Jay Bentley: The mosh pit's the same; well actually, it's a little better now. I see people picking people up, so that's good. There was a couple of years there when someone would fall down, they just beat the crap out of him. And now, I see a lot of girls out there, which is even better. They're watching out for each other, which is how it should be.
What happened to all the scary old punks that looked like Lurch?
Jay Bentley: They're still there, but the perception seems to have changed as to what we're all trying to accomplish here.
You're trying to accomplish something? And that would be?
Jay Bentley: To not beat the crap out of each other.
Tell me a Goleta Valley Community Center story. Do you remember that place?
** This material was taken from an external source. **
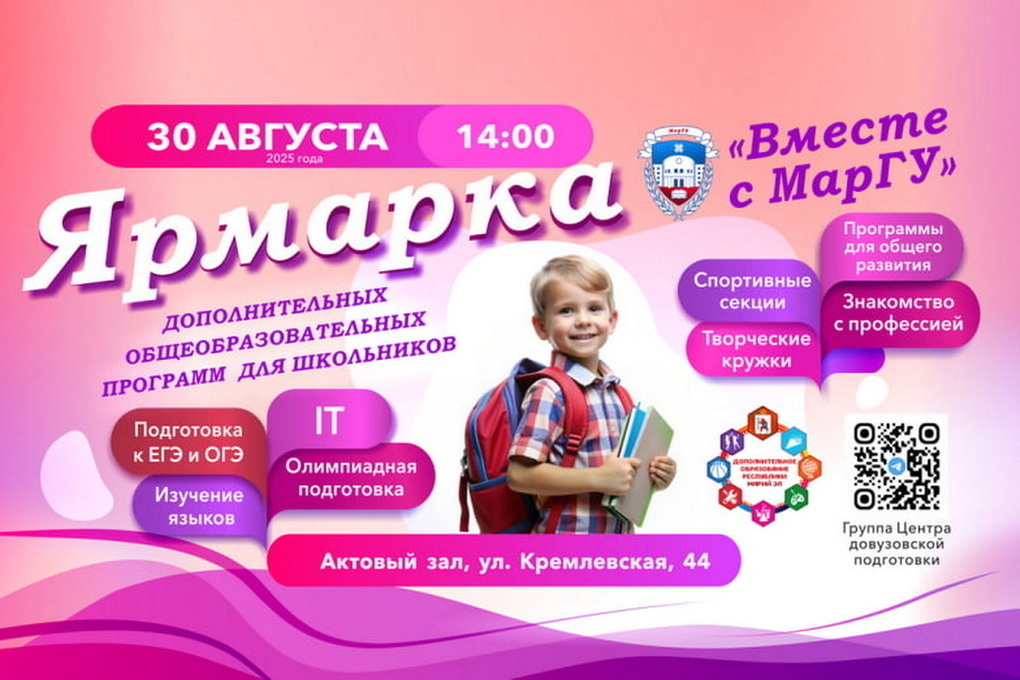 30 августа в Марийском государственном университете состоится Ярмарка дополнительных образовательных программ «Вместе с МарГУ», где родители и школьники смогут узнать о возможностях подготовки к экзаменам, олимпиадам и развитии ребёнка в творчестве, спорте и профессии.

Jay Bentley: I do remember that place. That's way back. My only memory of that place is one time I played there with TSOL, and they got paid in pot --- a giant bag of weed. That was kind of cool.
How did you get to be the bass player?
Jay Bentley: They had a guitar player already. I had a guitar, and I was a guitar player but Brett was already the guitar player, and they needed a bass player, so I went and bought a bass.
Stay with it; perhaps it'll work out. How do you account for the longevity of the band?
Jay Bentley: I think a lot of it has to do with breaking up a couple of times, putting out some crappy records and realizing your mistakes and treating it as a hobby and not taking yourself too seriously and being egotistical about it.
What have you learned on the road driving around all these years?
Jay Bentley: OK. After all these years, I've learned that I don't know anything.
That's all there is to know.
Jay Bentley: That's all there is to know, and if everyone could just work with that theory, this would be a great place.